The league described the destruction as a "9/11-level event for Lebanon in terms of shock, loss, and human devastation," adding that entire neighborhoods and historic sites older than the modern state of Israel had been reduced to rubble.
Ceasefire Claims and Regional Context
The ACRL claimed that the ceasefire had been negotiated with the involvement of Pakistan and agreed upon by the United States, Iran, Israel, and Lebanon. The statement did not provide specific details on the timing or framework of the alleged agreement, but asserted that it was "publicly endorsed and presented as a step toward stability" before being shattered by the Israeli operation.
The group placed the Beirut strikes within what it called a "longstanding and well-documented pattern" of Israeli military conduct, citing recent events including the passage of a death penalty law applied exclusively to Palestinians, multiple mass-casualty attacks in both Lebanon and Gaza, and the forced displacement of civilians.
"These are not isolated events," the statement read. "They are systemic. There has been no accountability. There has been no deterrence."

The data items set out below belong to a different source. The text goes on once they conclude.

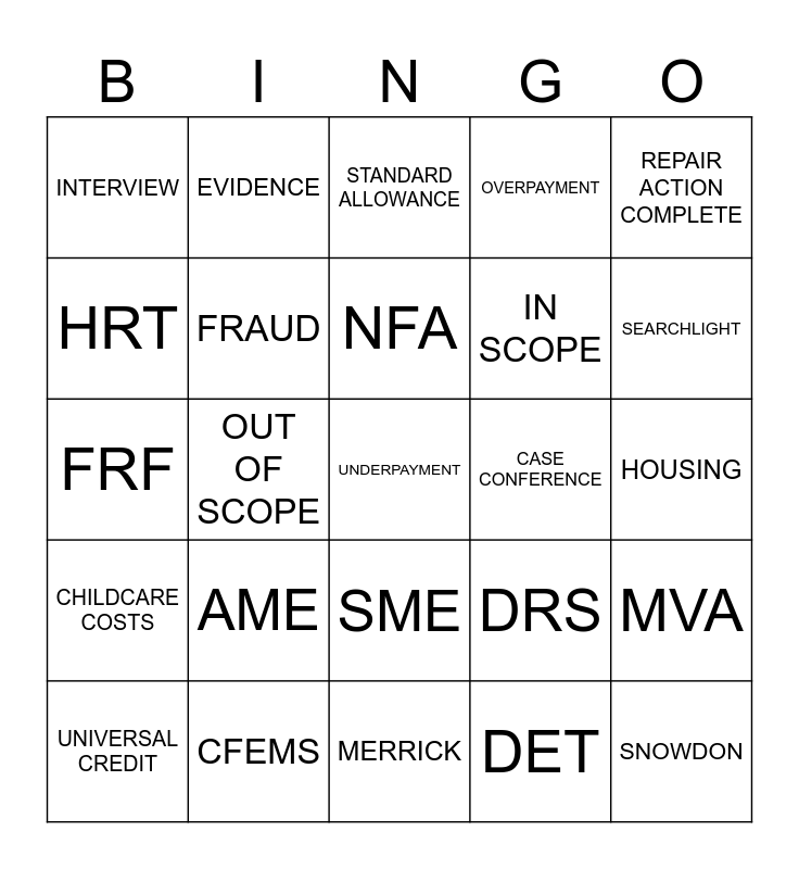 This bingo card has 38 words: Free!, CFCD, ERT, FRAUD, MVA, AME, NFA, CLOSED AFTER CFCD INTERVENTION, REPAIR ACTION COMPLETE, IN SCOPE, OUT OF SCOPE, OVERPAYMENT, UNDERPAYMENT, HOUSING, HRT, CHILDCARE COSTS, HOUSING COSTS, STANDARD ALLOWANCE, DECISION MAKER, CASE CONFERENCE, INTERVIEW, CFEMS, SEARCHLIGHT, UNIVERSAL CREDIT, SCAFELL, MERRICK, SNOWDON, CBOL, ENIRS, LAND REGISTRY, COMPANIES HOUSE, SME, DET, EVIDENCE, SUSPENSION, DRS, FRF and NINO.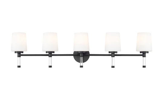 Z-Lite Henri 42" 5-Light Matte Black Steel Frame White Opal Glass Shade Vanity Lighting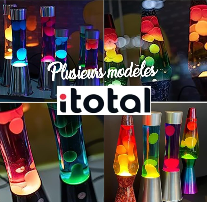 La lampada lava retrò i-Total con il suo design originale in vetro sorprende con un set colorato di cera e liquido e crea un'atmosfera di assoluto benessere nel tuo salotto, è alla moda nella stanza dei bambini.
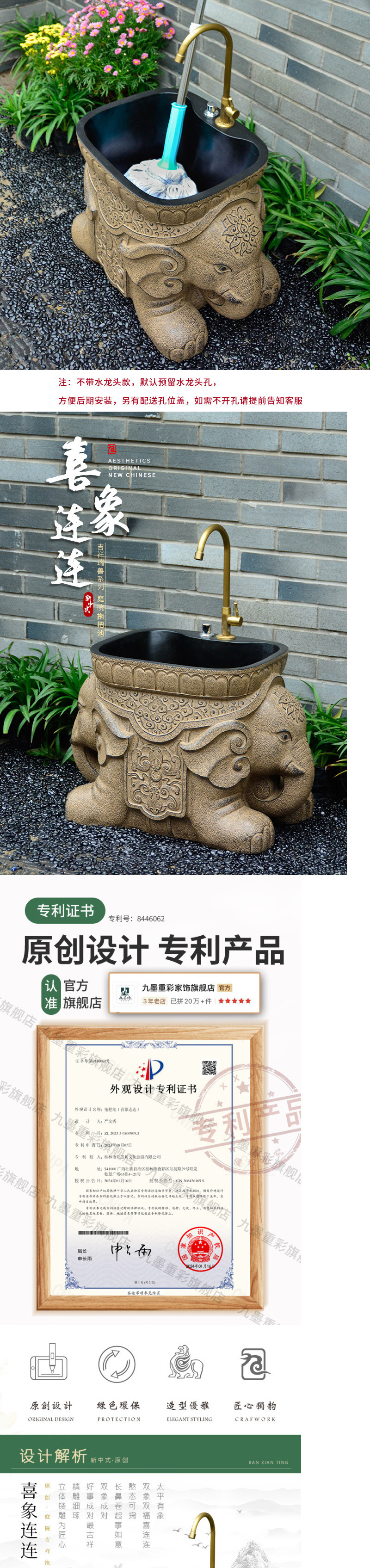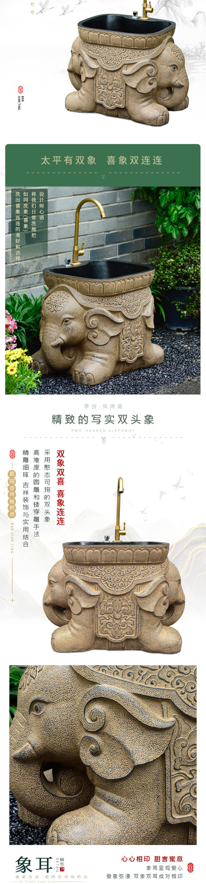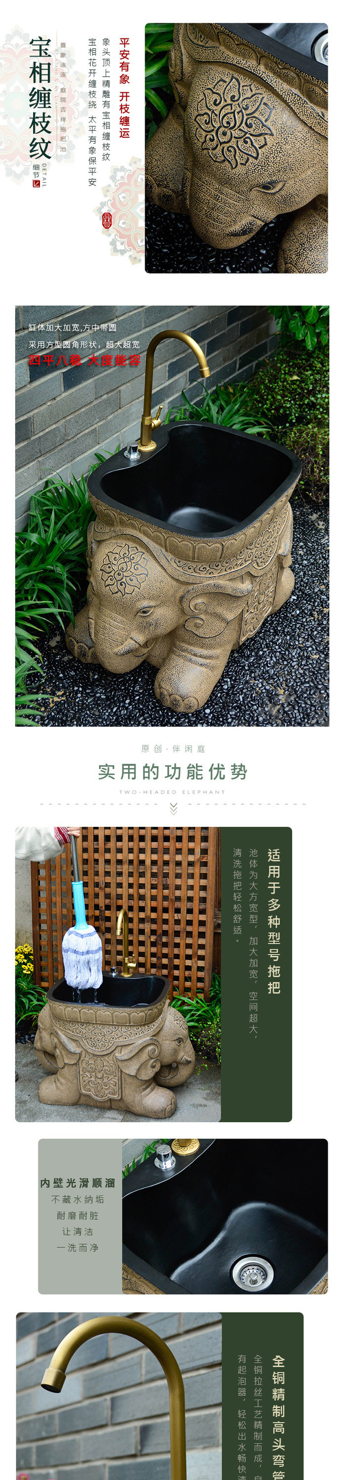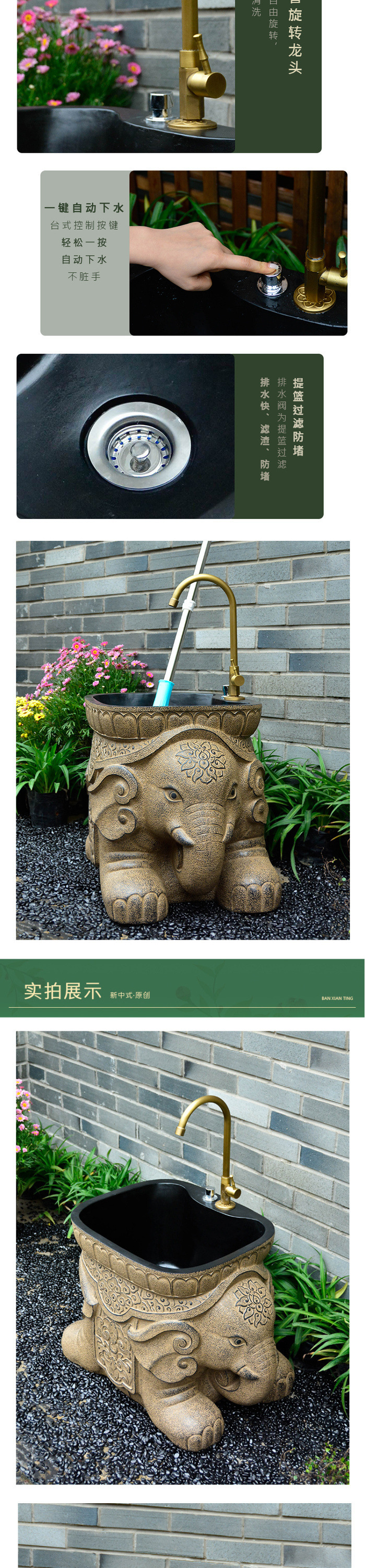 코트야드 야외 물 코끼리 청소 수영장 정원 세척 싱크대 자동 싱크대 발코니 세탁 수영장 홈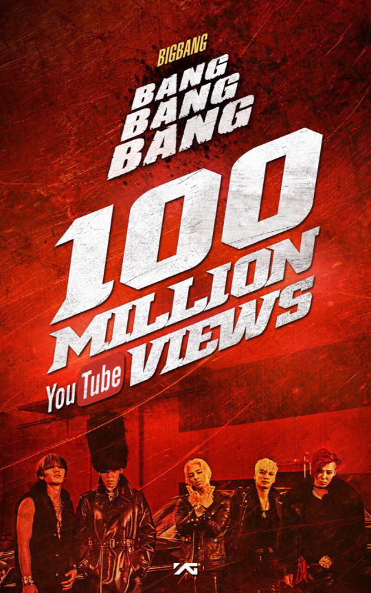 빅뱅의 '뱅뱅뱅' 뮤직비디오가 유튜브 조회수 1억뷰를 돌파했다. 이는 같은 날 오전 1억뷰를 돌파한 싸이의 'DADDY' 뮤직비디오와 나란히 세운 기록이라 의미를 더한다.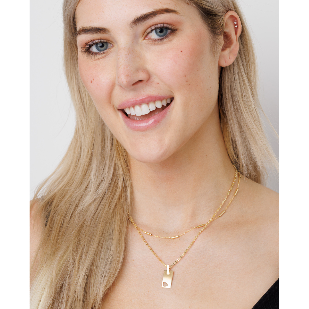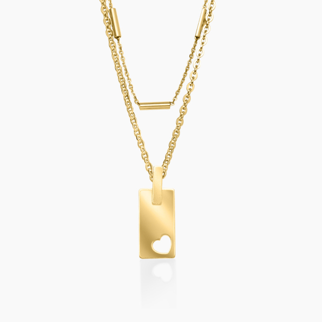 14K YELLOW GOLD STACKED DARLING TAG PENDANT NECKLACE

Domestic Implications for Arab Americans
Berri-Harjli's statement also emphasized the personal and political stakes for Arab American communities in the United States, arguing that the violence abroad is intrinsically linked to civil rights at home.
"We are watching our homelands, our families, and our history come under attack while being told to temper our outrage," she wrote, noting that many who speak out face "backlash, censorship, and professional consequences."
The ACRL framed its advocacy as a fight against the principle "that some lives are valued less than others," warning that when the international community fails to hold governments accountable, that message reverberates domestically.
Calls for U.S. Action
The league issued a series of demands directed at the U.S. government, including:
A public and unequivocal condemnation of Israel's attack on Beirut.
An immediate, enforceable ceasefire "with no exceptions or carve-outs."
An independent international investigation into the civilian deaths.
Conditioning all U.S. military aid to Israel on compliance with international humanitarian law.
Holding Israel accountable for repeated violations of ceasefire agreements.
The White House and State Department had not issued an immediate response to the ACRL's statement at the time of publication. Israeli officials have not yet publicly addressed the specific allegations regarding the reported ceasefire violation.
The ACRL, a national U.S. civil rights organization, continues to call for what it describes as equal justice and protection for Arab American communities, urging that no people "should be silenced in the face of injustice, whether that injustice occurs here at home or abroad."